Sure, there’s Tidy. And there are ways to delay the impending “markup junk-up” crisis, but philosophically speaking, the problem stems from the fact that HTML casually mixes content and context of page into one nice tag soup, and in that it discourages content developers to think of Web content and Web context as being two separate things.
What if we address the problem head on? What if we “disable” context features of HTML for content authors in some organized fashion? What do you think about Primitive HTML, a subset of HTML that is designed to prevent introduction of unwanted coding by the authors? Call it PHTML, if you will.
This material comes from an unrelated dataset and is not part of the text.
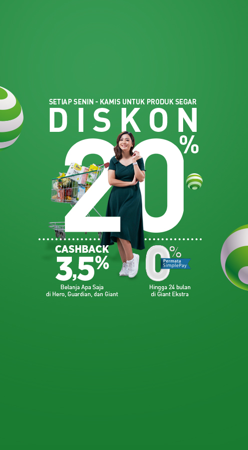 - Cashback 3,5% belanja apa saja di HERO, Giant dan Guardian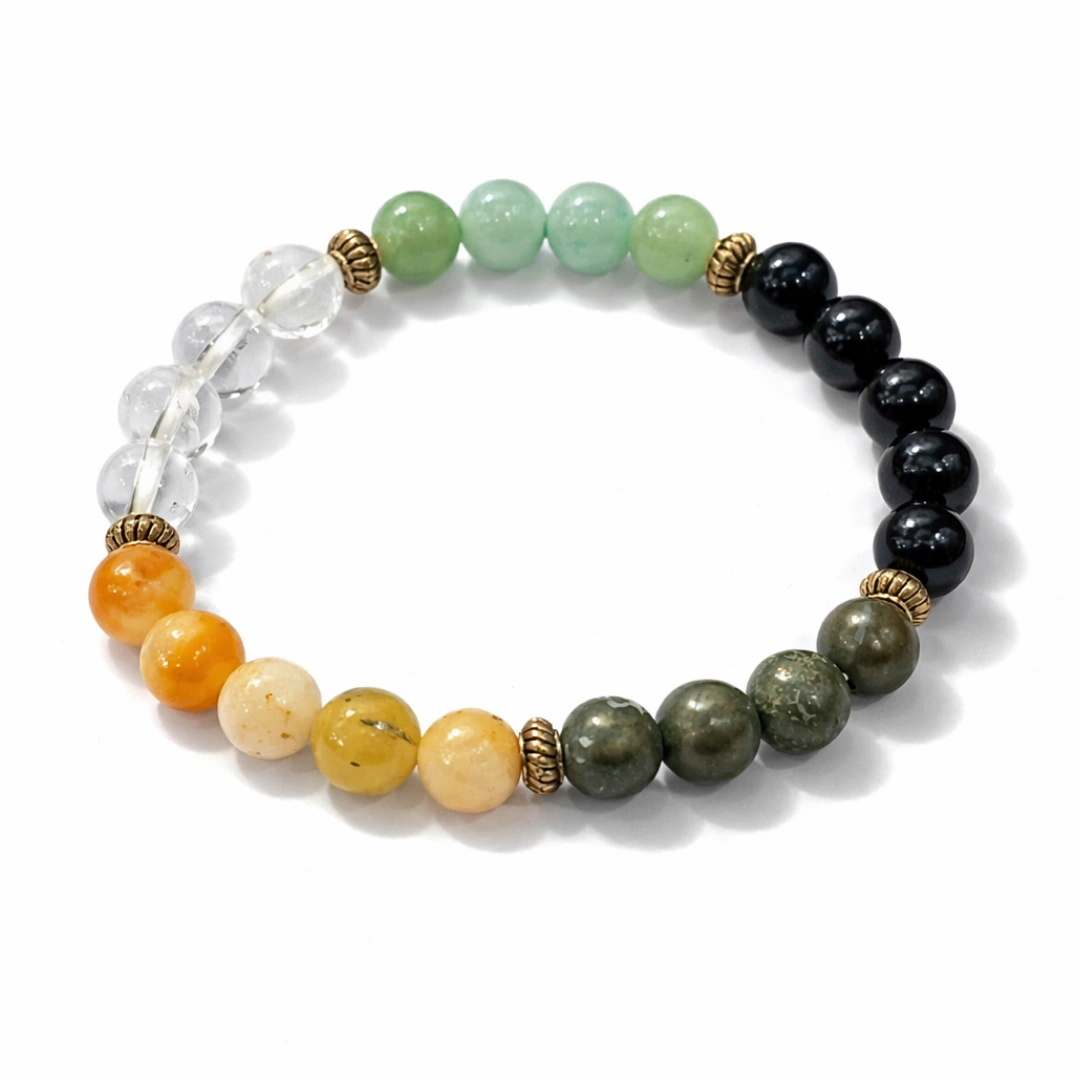 "Pyrite paisa attract karta hai. Green Aventurine luck laata hai. Yellow Aventurine creative soch deta hai. Clear Quartz sab ki energy double karta hai. Hakik protect karta hai. Aur yeh paanch milke teri kalaai pe ek money magnet system banate hain. Rs 599 me. Seedhi baat."

Here’s what I am thinking. Disallow tags like FONT, CENTER, SCRIPT, OBJECT, IFRAME, MAP, TITLE, ISINDEX, BASE, all of the HEAD tags, including HEAD tag itself, and of course, BODY, FRAMESET, and HTML tags. PHTML is only used to create fragments of Web content, not complete documents, so there is no need for style or meta tag declarations.
Disable STYLE, ALIGN, ID, and all other attributes that may affect style. I would leave the CLASS attribute, so that the authors could pick from pre-defined styles in the page stylesheet.
The only tags allowed in PHTML are those that are used to create content and provide semantic distinction in it, not style it. In fact, the author of PHTML wouldn’t (and shouldn’t) worry or even know how the content would end up appearing on the site — that’s why it’s called content. The designers will make it “pretty”.
It is a very idealistic thing to say, but if PHTML is standardized, and hopefully the tools are built that support PHTML (authoring, conversion, etc.), the World Wide Web of markup may just be a little better place to work with and live in.